Quemando la tostada

Todos los jóvenes son refugiados, en efecto.

Cuando era un trabajador juvenil, insistimos en quemar el brindis antes de cada concierto de rock, cada noche de juegos, cada sesión que organizamos para jóvenes en nuestro centro juvenil. A uno de los trabajadores juveniles siempre se le indicó que metiera dos pedazos de pan en la tostadora y, cada vez que los trozos de pan rebotaban hacia arriba, los empujaban hacia abajo hasta que se quemaran y comenzaran a fumar. Luego, el trabajo del trabajador consistía en expulsar el humo de la cocina y en el resto del edificio para que, cuando finalmente llegaran los jóvenes, el centro juvenil oliera como en casa.

La tostada quemada es un poderoso recordatorio mnemotécnico, familiar e inconfundible del hogar, y el centro juvenil sirvió como hogar alternativo para muchos jóvenes, todos los cuales, por definición, enfrentaban un futuro incierto, privados de lo que una vez les resultó familiar, embarcados en la pubertad y en el largo y doloroso viaje a la adultez.

En cierto sentido, todos los jóvenes son refugiados. Por supuesto, la mayoría no huye de los horrores de la guerra, de la persecución o de un ataque económico, pero todos los jóvenes comparten una duradera sensación de exilio. Piensa en James Dean, a la deriva en un mundo insensible, de Holden Caulfield, alienado y aislado. Piensa en los muchos jóvenes que intentan encontrar algo en lo que creer, alguien en quien confiar, alguna forma de tratar de comprender los caprichos del mundo.

Al separarse de sus padres como deben, los jóvenes entran en una especie de limbo entre la niñez y la edad adulta, un lugar donde nadie realmente pertenece, donde las reglas ahora no están claras, donde las viejas familiaridades y simplicidades ya no se aplican. Están exiliados para siempre de la casa que una vez conocieron. Pueden seguir adelante pero no pueden regresar porque de alguna manera todo ha cambiado. Sus padres han cambiado. Sus cuerpos han cambiado. Sus entusiasmos han cambiado. Los jóvenes son como refugiados, en busca de un nuevo significado, un nuevo propósito, un nuevo hogar.

Y como refugiados, inspiran sentimientos encontrados en aquellos de nosotros que hemos ido antes, los ocupantes de la nueva tierra de la adultez que ya nos hemos asentado, construyendo nuestras vallas y colocando nuestras pertenencias, mirando sospechosamente a este último grupo de refugiados por si acaso amenazan lo que ya hemos establecido. Los refugiados son horribles recordatorios de un tiempo en el que nosotros también estábamos a la deriva, dependientes, sin esperanza; de un tiempo cuando nosotros también nos sentimos asustados y sin amor.

Todos tenemos fuertes sentimientos hacia los refugiados: a veces nos sentimos protectores y solidarios con ellos y, a veces, queremos luchar contra su causa; en otras ocasiones nos sentimos recelosos, resentidos, agobiados por su impotencia. Tenemos sentimientos especialmente fuertes sobre los jóvenes refugiados, separados de sus padres, aterrorizados e impotentes, a merced de las personas poderosas. ¿Queremos llevarlos? ¿Podemos soportar que nos recordemos a nosotros mismos? De nuestras viejas vulnerabilidades?

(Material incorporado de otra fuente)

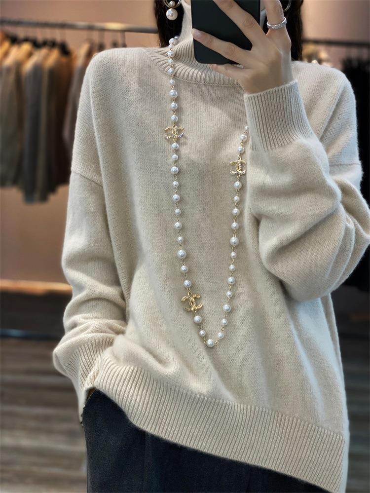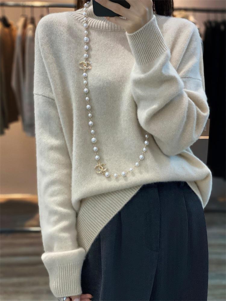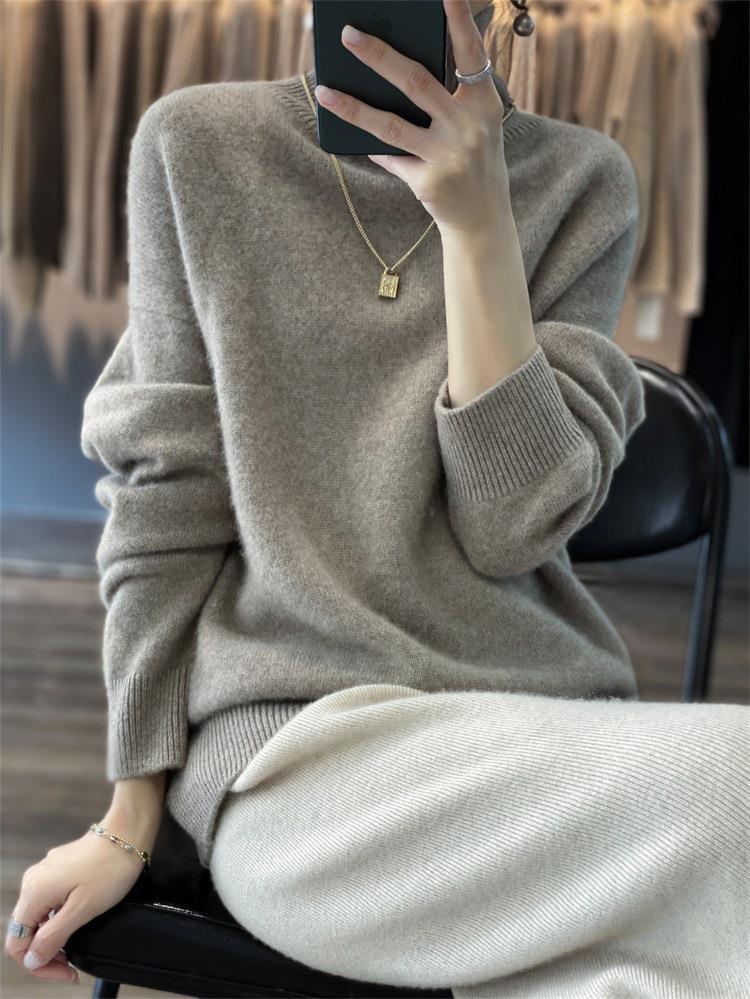 Abrigo de lana 100% pura, cárdigan de punto para mujer, suéter de cachemira sin costuras, estilo coreano, cuello redondo, prenda exterior holgada. Suéter de lana 100% pura para mujer, otoño e invierno, nuevo suéter holgado con cuello en V, jersey interior, camisa de fondo, suéter de punto corto y fino Suéter de primera línea confeccionado en seda brillante 100% lana pura para mujer, suéter holgado fufu, camisa de punto con cuello medio alto rizado Suéter de cuello alto de 100% lana para mujer, suéter de punto de pura lana, otoño e invierno 2023, nueva temporada, suéter cálido con base elegante

Cuando vemos a jóvenes refugiados haciendo cola en la frontera o aferrándose a botes sobrepoblados, tal vez agradecemos que ya no seamos nosotros, que hemos encontrado un hogar, un amigo, un propósito en nuestras vidas. Quizás todos tengamos una idea de cómo sería ingresar a un edificio extraño donde el olor repentino de una tostada quemada es un recordatorio de algo perdido y algo potencialmente encontrado.